Wenn die Verbrennung fossiler Energieträger global radikal zurückgebaut werden muss – um den Klimawandel zu verlangsamen –, wie überzeugen wir die Bevölkerungsmassen in den Ländern des globalen Südens davon, dass der globale Norden sie nicht schon wieder zu etwas zwingen will? Wie verbessert sich ihre Lebenssituation nachhaltig auch ohne den Bau von Kohle- und Atomkraftwerken? Wie lösen wir den Widerspruch, dass die Menschen – im Norden wie im Süden – einen Angriff auf ihre heutigen Konsumgewohnheiten (und die Hoffnung auf genau deren Ausweitung in der Zukunft) in Namen des Klimaschutzes nicht akzeptieren werden, solange nicht die Idee des „guten“ und „besseren“ Lebens (jenseits der kapitalistischen Konsumgesellschaft mit ihren erzeugten Bedürfnissen) vorstellbar und fassbar gemacht wird? Und dann muss diese Idee auch noch durchgesetzt werden – oder wenigsten Wege dahin aufgezeigt werden!

Abschlussplenum

Emi von der Kampagne „RWE & Co enteignen“, SoZ-Kolumnist Ingo Schmidt und Agrarökologe Antonio Andrioli sprachen am Ende der Konferenz über mögliche Perspektiven, lokale und globale Auswege, über Fragen, an deren Antworten wir weiter arbeiten müssen, und über Hindernisse, die sich uns entgegenstellen.
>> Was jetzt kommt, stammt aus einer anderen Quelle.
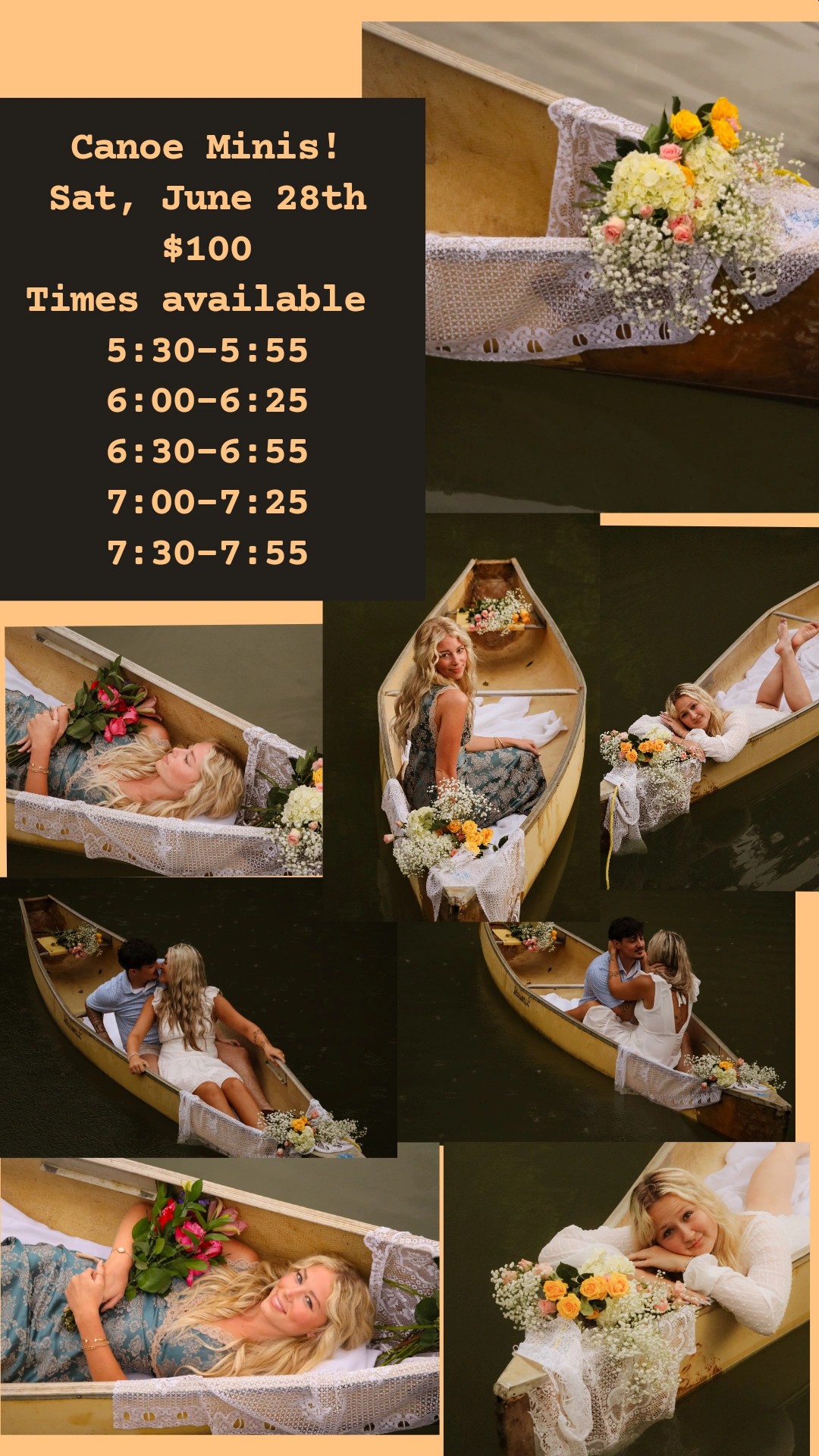6/28 Canoe Minis by Cambree Hey guys canoe minis is Sat, June 28th! Book your spot! Reach out here to book Cambree Milen

Wie kann aus einer Enteignung eine – wirkliche – Vergesellschaftung werden? Wenn der Markt nicht alles regeln soll und vor allem nicht darf – brauchen wir dann einen Plan? Und wer stellt ihn auf? Wenn sich unserer Leben nicht auf die Herstellung von immer mehr schädlichen und überflüssigen Waren zum Tausch ausgerichtet wird – wie kommen wir zu einer Gesellschaft, in deren Mittelpunkt die Menschen Dinge und Leistungen zur Bedürfnisbefriedigung erzeugen?

Angesichts der Dringlichkeit, der Klimakatastrophe entgegenzutreten, scheint die Aufgabe riesig, die Kräfte bescheiden, und der Weg noch nebulös zu sein. Aber wer nicht anfängt loszugehen, wird nirgendwo hinkommen.

Sind wir ein paar Schritte vorangekommen, werden sich die Antworten auf einige Fragen deutlicher abzeichnen. Es wird weitere Erfahrungen aus sozialen und Klimakämpfen lokal und global geben. Wir werden das 2024 auf der nächsten Ökosozialistischen Konferenz der ISO miteinander besprechen.